The Encounter

Regisseur: Robert Conway
Drehbuch:
Robert Conway
Darsteller:
Clint James, Owen Conway, Megan Drust
Land: USA
Jahr: 2015
Genre: Horror, Sci-Fi
Laufzeit: ca. 85 Minuten
.

Darum geht’s:
Collin wird nackt und blutverschmiert von einem Sondereinsatzkommando im Wald gefunden. Was er zu berichten hat ist einfach unglaublich. Es geht um Außerirdische, die seine Freunde getötet haben und ihn auf ihr Schiff holten. Parallel dazu finden die Cops ein Band der toten Parkrangerin, die die Statien ihrer Infektion auf Videotagebuch festhielt.

Meinung:
Wow war der schlecht,… WOW!!! Und das liegt nur zur Hälfte am Found Footage Material.

Unnnnd was hat der Typ mit der Axt auf dem Poster zu suchen?

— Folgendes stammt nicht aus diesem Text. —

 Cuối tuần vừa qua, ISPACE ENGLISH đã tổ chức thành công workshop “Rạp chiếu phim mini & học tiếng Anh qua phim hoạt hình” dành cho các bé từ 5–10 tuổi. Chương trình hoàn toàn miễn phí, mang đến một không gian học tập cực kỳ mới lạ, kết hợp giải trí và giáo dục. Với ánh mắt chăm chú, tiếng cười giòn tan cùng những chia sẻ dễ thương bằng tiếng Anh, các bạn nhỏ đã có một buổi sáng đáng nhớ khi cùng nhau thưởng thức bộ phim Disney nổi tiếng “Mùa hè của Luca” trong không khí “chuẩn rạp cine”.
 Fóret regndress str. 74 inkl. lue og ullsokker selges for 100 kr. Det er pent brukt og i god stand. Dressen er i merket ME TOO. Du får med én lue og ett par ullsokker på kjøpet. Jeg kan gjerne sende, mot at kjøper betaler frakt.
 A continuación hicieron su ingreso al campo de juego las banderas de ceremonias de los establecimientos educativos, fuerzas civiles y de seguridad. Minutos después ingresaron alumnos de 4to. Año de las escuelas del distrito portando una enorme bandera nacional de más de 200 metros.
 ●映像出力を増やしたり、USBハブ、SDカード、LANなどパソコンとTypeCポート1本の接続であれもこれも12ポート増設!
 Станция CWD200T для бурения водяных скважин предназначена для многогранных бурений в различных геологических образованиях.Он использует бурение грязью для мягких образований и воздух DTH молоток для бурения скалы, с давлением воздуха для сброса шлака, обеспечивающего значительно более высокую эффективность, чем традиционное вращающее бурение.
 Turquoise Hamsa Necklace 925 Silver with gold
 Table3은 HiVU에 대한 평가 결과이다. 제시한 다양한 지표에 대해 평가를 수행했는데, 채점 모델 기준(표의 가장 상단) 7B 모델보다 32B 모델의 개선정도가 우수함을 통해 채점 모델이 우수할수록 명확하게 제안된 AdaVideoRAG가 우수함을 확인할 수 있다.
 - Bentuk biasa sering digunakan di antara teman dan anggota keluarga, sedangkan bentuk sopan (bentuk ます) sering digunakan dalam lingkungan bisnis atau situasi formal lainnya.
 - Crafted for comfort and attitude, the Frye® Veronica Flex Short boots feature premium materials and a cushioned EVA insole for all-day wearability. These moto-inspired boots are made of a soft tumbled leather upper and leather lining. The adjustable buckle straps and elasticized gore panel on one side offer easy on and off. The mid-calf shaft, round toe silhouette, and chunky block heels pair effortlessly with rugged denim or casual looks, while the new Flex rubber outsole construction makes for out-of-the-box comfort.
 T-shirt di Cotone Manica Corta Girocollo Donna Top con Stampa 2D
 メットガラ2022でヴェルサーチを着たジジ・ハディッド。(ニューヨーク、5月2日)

Ich erinnere mich nicht einmal an eine Axt!

In den ersten Minuten habe ich fast gedacht, dass es was werden könnte. Man lauscht mehreren Gesprächen über Funk, dass unbekannte Flugobjekte am Himmel aufgetaucht sind. Dann wird aber zu einer Gruppe kindischer Erwachsener geschalten und die Spannung ging den Bach runter.

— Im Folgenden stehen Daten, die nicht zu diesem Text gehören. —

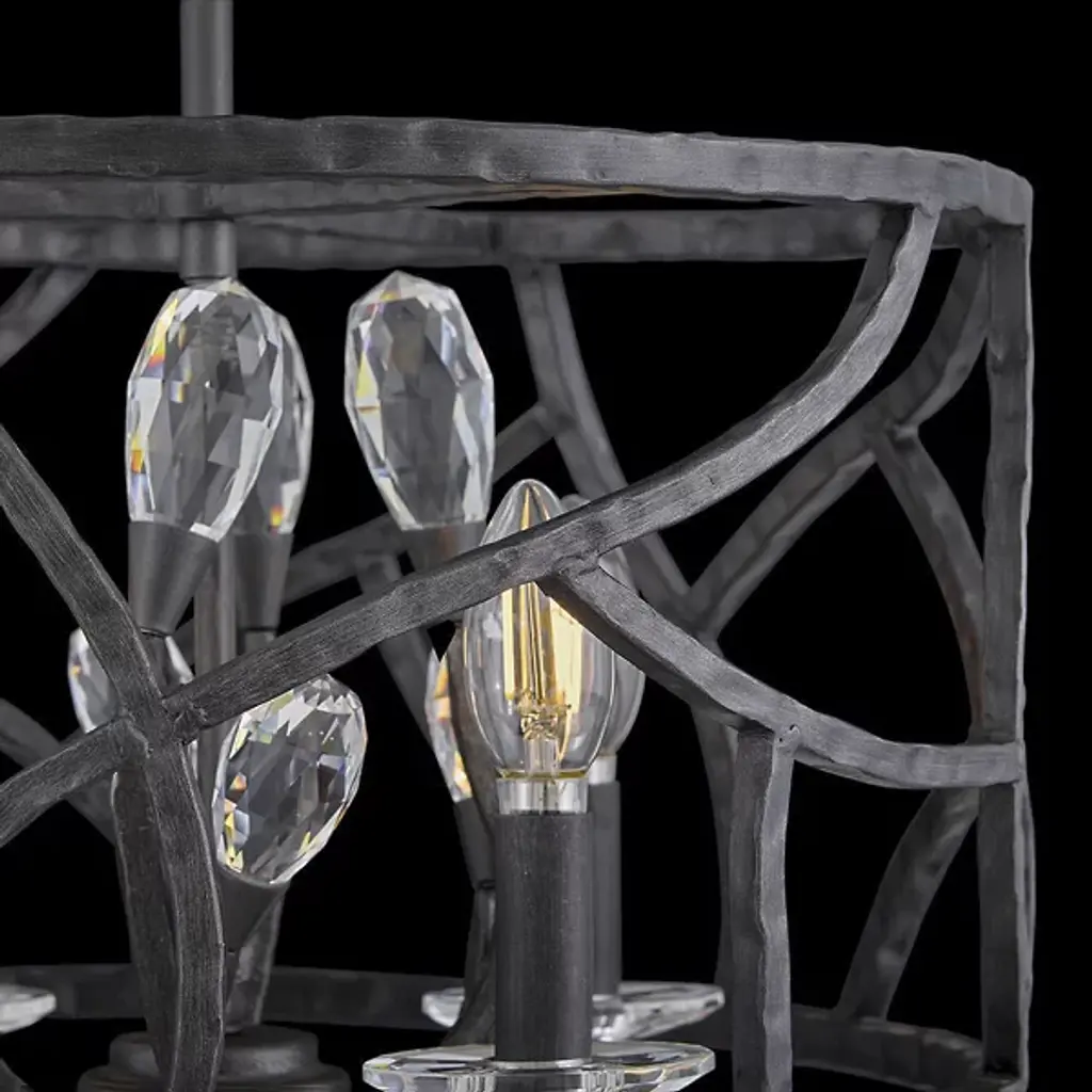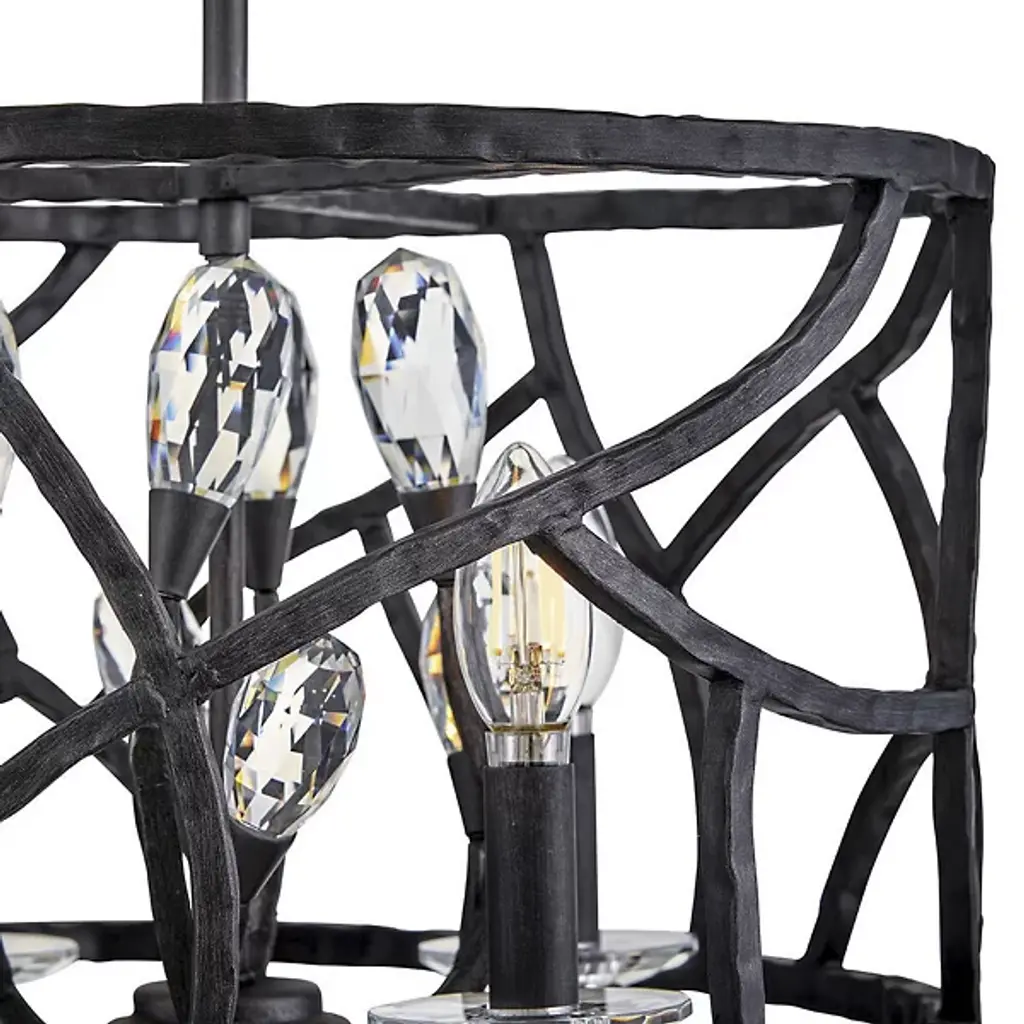 Divinely decadent in detail and beautifully arranged. The Eve Semi-Flushmount / Pendant is a luxurious piece of design from Fredrick Ramond for Hinkley Lighting. Inspired by nature, the entire bodice has been composed of a series of woven branches and stems with sparkling crystal buds at the tips of some. The exposed candelabra bases within the center of the flushmount will allow the champagne gold finish and crystal filigree to glisten enchantingly. It’s a perfect way to elevate an interior with an enlightened design.

Die Story ist nicht einmal so schlecht, aber das Drehbuch ist einfach mies. Belanglose Dialoge bzw. teilweise auch Monologe. Und die Krönung ist dann die gelangweilteste Synchronisation, die ich je gehört habe. Gut, jetzt kann ich mir vorstellen, dass der Originalton auch nicht gerade der Bringer war, denn wenn ich mir diese Nasen im Film alle so ansehe, haben die nicht wirklich etwas vor der Kamera zu suchen. Bestes Beispiel dafür ist folgende Dame, die allein mit ihrer Mimik eine Komödie aus dem angeblichen Horrorstreifen gemacht hat und zudem irgendwie an einen Softporno erinnert hat).

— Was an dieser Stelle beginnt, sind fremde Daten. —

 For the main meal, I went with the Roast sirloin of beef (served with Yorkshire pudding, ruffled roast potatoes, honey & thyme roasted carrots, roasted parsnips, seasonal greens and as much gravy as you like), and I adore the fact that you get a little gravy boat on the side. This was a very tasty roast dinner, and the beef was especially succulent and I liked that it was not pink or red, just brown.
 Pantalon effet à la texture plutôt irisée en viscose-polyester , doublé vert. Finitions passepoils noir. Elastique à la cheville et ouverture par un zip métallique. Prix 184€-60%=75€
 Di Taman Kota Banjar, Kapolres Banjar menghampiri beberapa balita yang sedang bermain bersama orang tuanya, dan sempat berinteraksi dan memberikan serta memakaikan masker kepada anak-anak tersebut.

Nachdem diese Tante also infiziert und weg vom Fenster war, wird man mittels Handkamera in das Geschehen von drei verschiedenen Szenarien gestoßen. Eine dabei dümmer als die andere. Den Abschuss macht dabei ein Jägerpärchen:
Der eine wird, warum auch immer, von irgendwas attackiert, das man nicht sehen kann. Danach baut der andere wie im Wahn ein Zeichen für die Außerirdischen und erklärt nach getaner Arbeit: „Ich habe bestanden. Ich habe es fertig gebaut. Ich habe versagt.“ Hähhh??? Wussten die Drehbuchautoren nichts dümmeres? Davon abgesehen, dass es keinen Sinn ergibt, ist es einfach nur bescheuert.

Die Logik sucht man vergebens. Ich meine, wenn ich von einem Monster oder whatever bedroht werde, dann lauf ich entweder weg, oder ich verteidige mich. Aber ich halte ganz sicher nicht mit der Kamera drauf, bis ich das Teil aus der Hand gebasht bekomme.

Den endgültigen Tiefpunkt hat der Film dann bei dem Verhör gegen Ende errreicht. Also quasi genau 84 Minuten nach dem schon kläglichen Anfang.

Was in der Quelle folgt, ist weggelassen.